Previously, on http://www.arthurmeursault.com…
Xi Jinping meets popular /r/China character James
Xi Jinping sat in his Audi A6 while trapped in the mother of all traffic jams somewhere near Beijing’s 4th ring road. To pass the time he was strumming his finger over Tantan profiles as quickly as a Baltimore crack whore flicking herself off on a “Black Girlz Gone Wild” video.
Xi was pretty depressed. He had given instructions to his personal chef to prepare him a delicious steak and strawberry jam sandwich for the journey. Looking at the sorry item in his tupperware container he could see that the chef had completely screwed up and added ketchup rather than jam. The bread didn’t even have any sugar in it. It was disgusting.
To cheer himself up, Xi reminded himself that he was head of the Communist Party and that, technically, he owned every piece of property in the entire country. He decided to drive off the ring road and go and collect rent from one of the 1,400,000,000,000 properties in his portfolio. There was one school in particular that he had in mind.
Wiping the ketchup off his special “rent collecting” windbreaker jacket, Xi knocked on the door of the Happy Giraffe English School. The cunts in these private English schools were raking it in, but Xi hadn’t seen a single People’s Money from them in years. As leader of the world’s oldest and most harmonious civilisation, Xi loved collecting money and pushing people around, so even now his jaundiced one-eyed python was twitching like a Cambodian orphan on a landmine. Hopefully the school would have a sexy receptionist that looked like Angelababy. Sadly, when the door opened his mounting erection shrank from the size of an autonomous province to the size of a mere special administrative region.

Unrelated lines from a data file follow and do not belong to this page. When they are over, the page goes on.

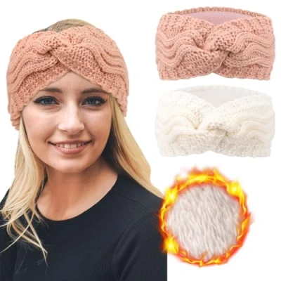 DRESHOW Women Warm Knitted Headband Winter Ear Warmer Crochet Head Wraps Thick Fleece Lining Hair Bands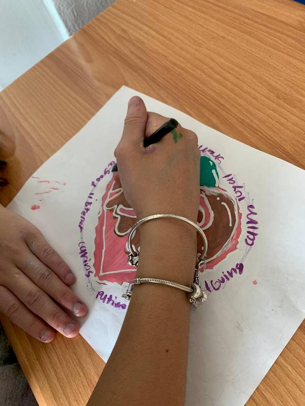 También reflexionamos sobre algo que muchas veces olvidamos: reconocer nuestras propias cualidades. En la clase de Public Speaking del maestro Robert Borges, los alumnos elaboraron un gran corazón decorado con colores, patrones e imágenes que los representan. Dentro escribieron adjetivos que describen sus cualidades positivas y, en la parte de atrás, una pequeña carta para sí mismos reconociendo sus fortalezas.
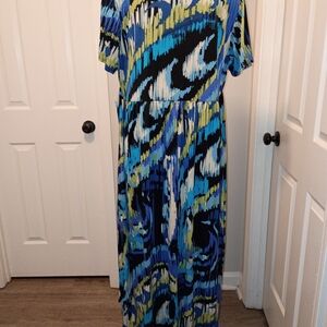 AGB PLUS SIZE DRESS Elevate your style with this stunning blue abstract print maxi dress. Has Attached straps To tie around waist Perfect for any occasion, this dress offers a blend of comfort and elegance.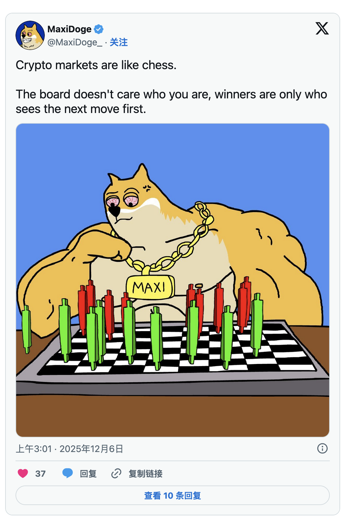 這正是 Maxi Doge 拉開差距的地方。從品牌調性、吉祥物設定、敘事風格,到那種毫不收斂的高分貝噪音,一切都是為了搶佔注意力而設計——而這已經不是現在的 DOGE 能做到的了,就算背後還有馬斯克時不時扶一把也是一樣。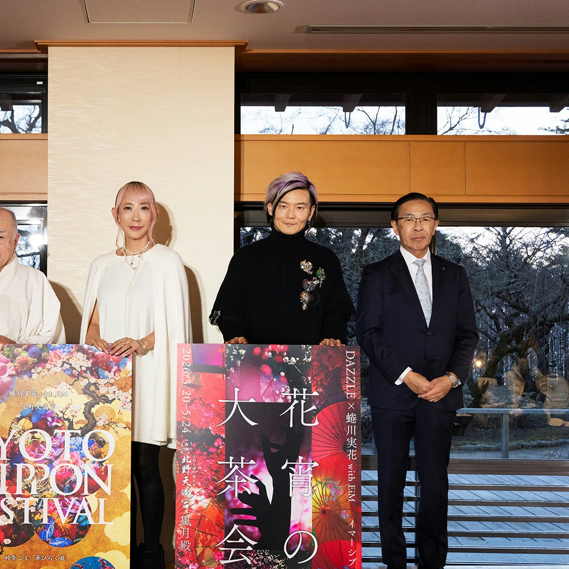 さらに3月20日からは、風月殿を舞台とするイマーシブ公演《花宵の大茶会》も実施予定。本作は、蜷川実花 with EiMとダンスカンパニー・DAZZLEによるコラボレーション作品であり、400年前に北野天満宮で開催されたとされる豊臣秀吉の茶会を着想源に、その「幻の二日目」を現代に立ち上げるものとなる。開催に先立ち、DAZZLE主宰の長谷川達也による「奉納の舞」も披露された。
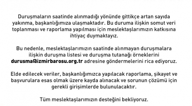 İZMİR BAROSU'NDAN ÜYELERİNE DUYURU Dinle Editor: Yargınınnabzi.com 04 Kasım 2021 - 22:14 - Güncelleme: 04 Kasım 2021 - 23:08 Paylaş Tweetle WhatsApp FACEBOOK YORUMLAR YORUMLAR 0 Yorum adlı kullanıcıya cevap izmir barosu Gurur ve mutlulukları gözlerinden okunuyordu... Yıllarını 'Adalete' adayan avukatlara plaket! PAZARTESİ AÇILIYOR:'İZMİRLİ AVUKATLARDAN FOTOĞRAF SERGİSİ' Şehit Yakını Necat Tören, Sağlık Çalışanlarının Sesi Olacak:'Şehit Gazi Sağlık Birlik-Sen'de Yeni Dönem' Küçük bedenin yaşaması için bağış gecesi.. İzmir 'Bala İkra' için kenetleniyor! Avukat Kürşat Bıyık: "Bu bir dijital suikasttır Ahlaksız teklifi reddeden kadına siber infaz! Avukat Ergün Vardar Yazdı:'Hakaret ve Tehdit Ediliyorsanız Kayıt Almak Suç Değil! İzmir Adalet Komisyon Başkanlığı'na Onur Sert atandı İZMİR ADLİYESİ'NDE 'KOORDİNASYON KURUL TOPLANTISI' YAPILDI Avukat Ergün Vardar Yazdı:'Bir Paylaşımla Şüpheli, Sonra Sanık ve Neticeten Suçlu Olmayın' İzmir Adliyesi’nde '8 Mart Dünya Kadınlar Günü' Kutlaması İzmir Cumhuriyet Başsavcılığı tarafından her yıl düzenlenen geleneksel iftar programı bu yılda gerçekleşti Birlik Sağlık Sen’den İzmir’de ‘tabut bina’ tepkisi: Ölmek istemiyoruz! İZMİR BAŞSAVCISI YELDAN YEŞİLAY DANIŞMANLIK MERKEZİNİ ZİYARET ETTİ Medikal Estetikte NZ Farkı! Konak Belediyesi’nden Alsancak’ta üst yapı hamlesi:'Başkan Mutlu çalışmaları yerinde inceledi' 1 2 3 4 5 6 7 8 9 10 11 12 13 14 15 Avukat Kürşat Bıyık: "Bu bir dijital suikasttır Ahlaksız teklifi reddeden kadına siber infaz! Avukat Ergün Vardar Yazdı:'Hakaret ve Tehdit Ediliyorsanız Kayıt Almak Suç Değil! İzmir Adalet Komisyon Başkanlığı'na Onur Sert atandı İZMİR ADLİYESİ'NDE 'KOORDİNASYON KURUL TOPLANTISI' YAPILDI Bazı adliye çalışanlarına keşif için yol tazminatı geliyor İzmir Barosu 'Hayvan Hakları Mücadelesine Devam'
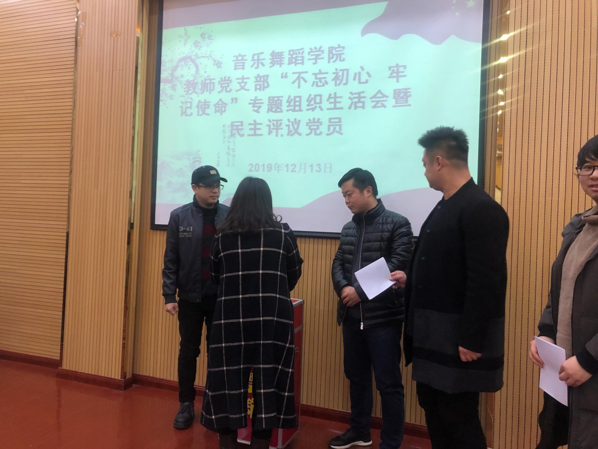 12月13日,2026年世界杯官网教师党支部在音乐公司会议室开展了“不忘初心 牢记使命”专题组织生活会暨民主评议党员。教师党支部书记刘昊佳主持本次组织生活会,全体党员参会。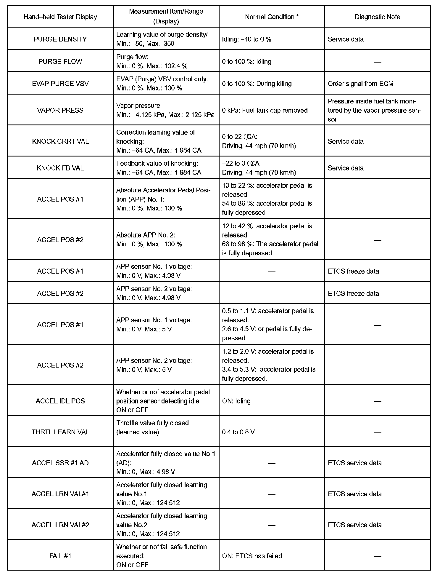 NOTE: In the table given, the values listed under "Normal Condition" are reference values. Do not depend solely on these reference values when deciding whether a part is faulty or not.
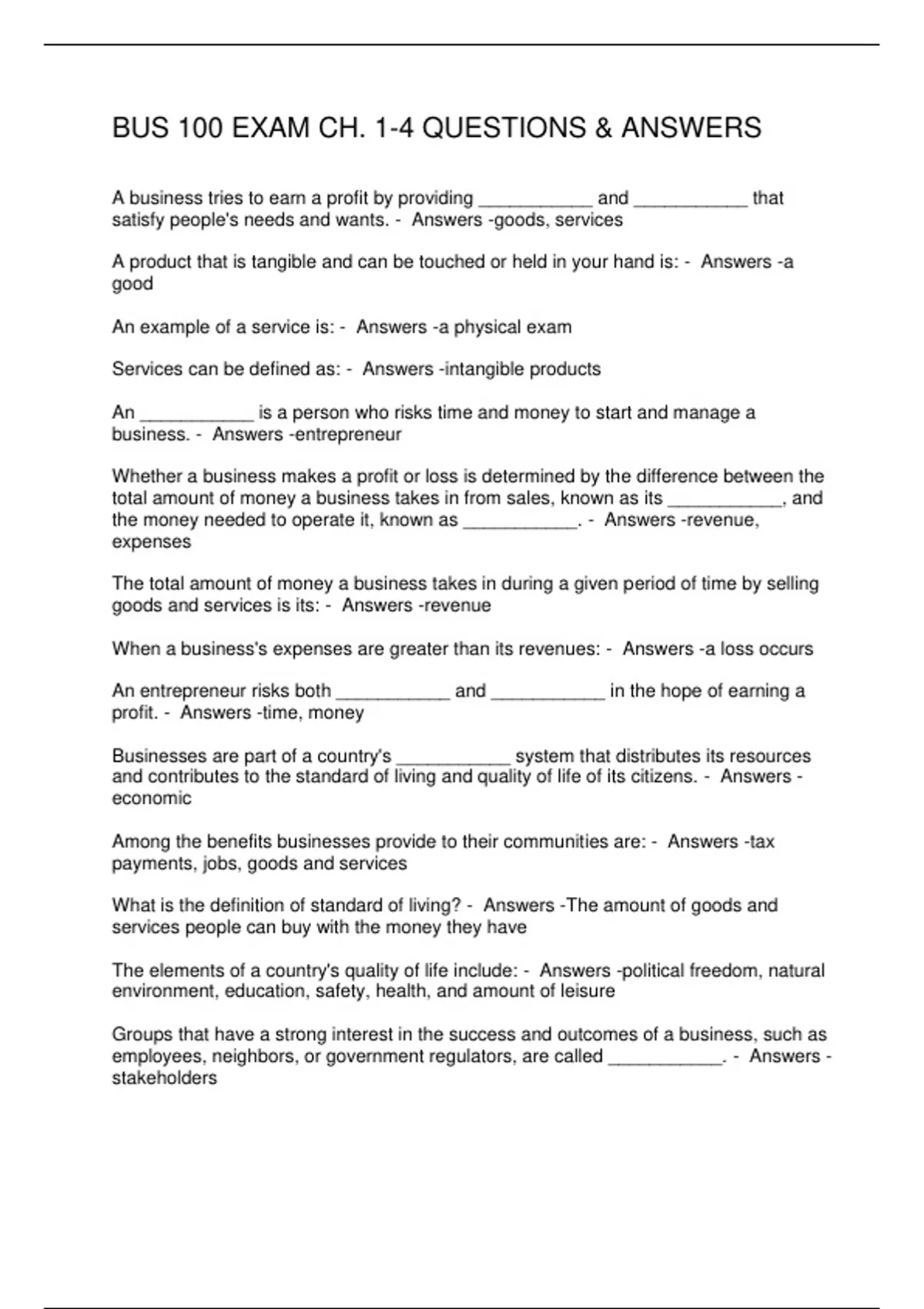 BUS 100 EXAM CH. 1-4 QUESTIONS & ANSWERS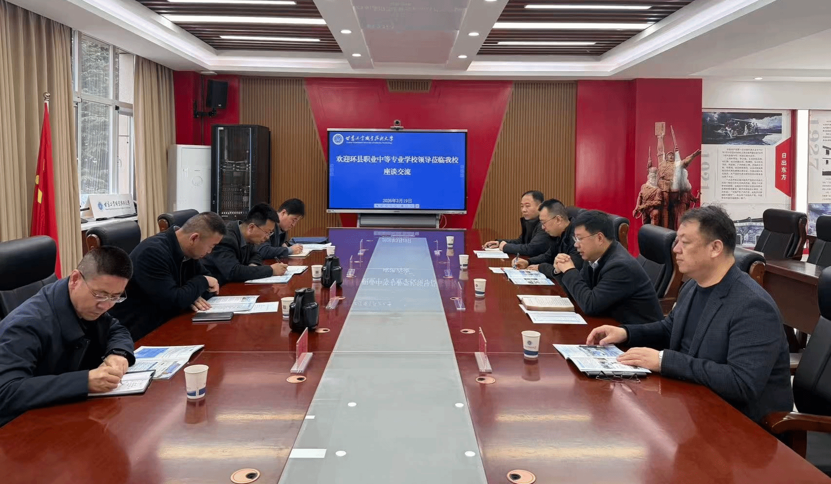 3月19日,环县职业中等专业学校校长张汉伟一行来我校交流座谈。学校副校长曹惠清出席座谈会。招就处、相关二级学院负责人参加。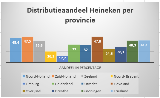 De distributieverspreiding in Nederland is goed, Heineken is een bekend merk en is in alle hoeken van het land beschikbaar. In Limburg doet Heineken het bijvoorbeeld het slechtst en in Brabant het best. Heineken heeft in 8 provincies een marktaandeel dat hoger is dan 30% wat een hele goede score is.

Standing before him was an awkward looking man-child with thick glasses hiding a pair of shifty looking eyes that resembled day old tea eggs in two small dishes of spunk. He looked like an idiot.
“Hello,” said the man. “My name is James.”
“Where’s the money?” demanded Xi. “I want my fucking rent.”
“We have no money, Mr Jinping Sir,” stammered James. “We just spent our last remaining petty cash on installing a new school bell. Would you like to hear it?”
“Go on then,” said Xi.
James looked embarrassed. “I’m sorry, you can’t. It’s broken. Would you like to look at a photo of my blue Geely hatchback instead? I’d show you the real thing but the security guards towed it away for parking it by the trucks. They’re stupid.”
Xi pushed aside the idiotic Director of Administration and barged his way into the school. In a fit of rage, he tore the school bell from the wall and crushed it beneath his extremely well polished shoe. Next, he tore off his windbreaker jacket and clothes and allowed the stale air of the crumbling property to encircle his glistening skin like flies around shit. He looked across at the cowering man in the corner – his eyes showed more fear than an average foreigner confronted with the characters 南海路 – and he felt his cock grow to epic proportions.
“If I can’t have my money, I’ll have you instead!”
James needed no encouragement. He had earlier finished half a bottle of Tsingtao and was as pissed as Uncle Ganbei on New Year’s Eve. James quickly whipped off his trousers to reveal a groinal area that was covered in pubic hair so black and so dense that Xi Jinping thought he was looking at Harambe as a child.
“Chairman Xi,” said the newly eroticised James. “I must insist that if you are to take me that we do it in a harmonious and patriotic fashion. Perhaps we can roleplay? I can pretend to be Taiwan, and you can be the Motherland rightfully reclaiming me?”
“Let’s do it,” roared the author of the Art of Governance.
Before James knew what had hit him, Xi Jinping reached out to him like the Port of Dandong reaches out to the world. Xi bent James over and was banging his arsehole like Ringo Starr on the drums during the final section of Ticket to Ride.
“Do you accept the One China policy?” growled the former head of the Communist Youth League.
“Yes! There is only one China and I’m an inalienable part of it!” cried James.
“Do you acknowledge the sovereignty of the Communist Party?”
“Yes! Drive your PLA tank through my streets of Taipei, beloved Chairman!”
Mere seconds later, Xi Jinping pulled out of James’ arsehole which now resembled the flag of Japan. And not the current flag of Japan either – the old one with all the rays coming out of it. Aiming at James’ head, the Chairman spunked a nine-dash line all over his face. As he stood over James, his cock now an empty shell and his balls hanging like punctured leather footballs, he felt he had made significant steps in bridging political divides. And getting his dick covered in shit.
“Thanks for the reunification debate, but I still want my money next week.” Xi pulled on his windbreaker jacket. He bent over the spunk-covered wreck that was James and was all ready to whisper “Harmony” in his ear and pat him on the fanny, when he noticed a young foreign man in the corner of the room holding a Coolpad.
“Who is that?” asked Xi.
James looked up. “Oh, that’s /u/Chinahandy – he’s this guy that follows me around and writes made-up stories about me online.”
“Oh yeah,” replied Xi. “I’ve got one of those guys too.”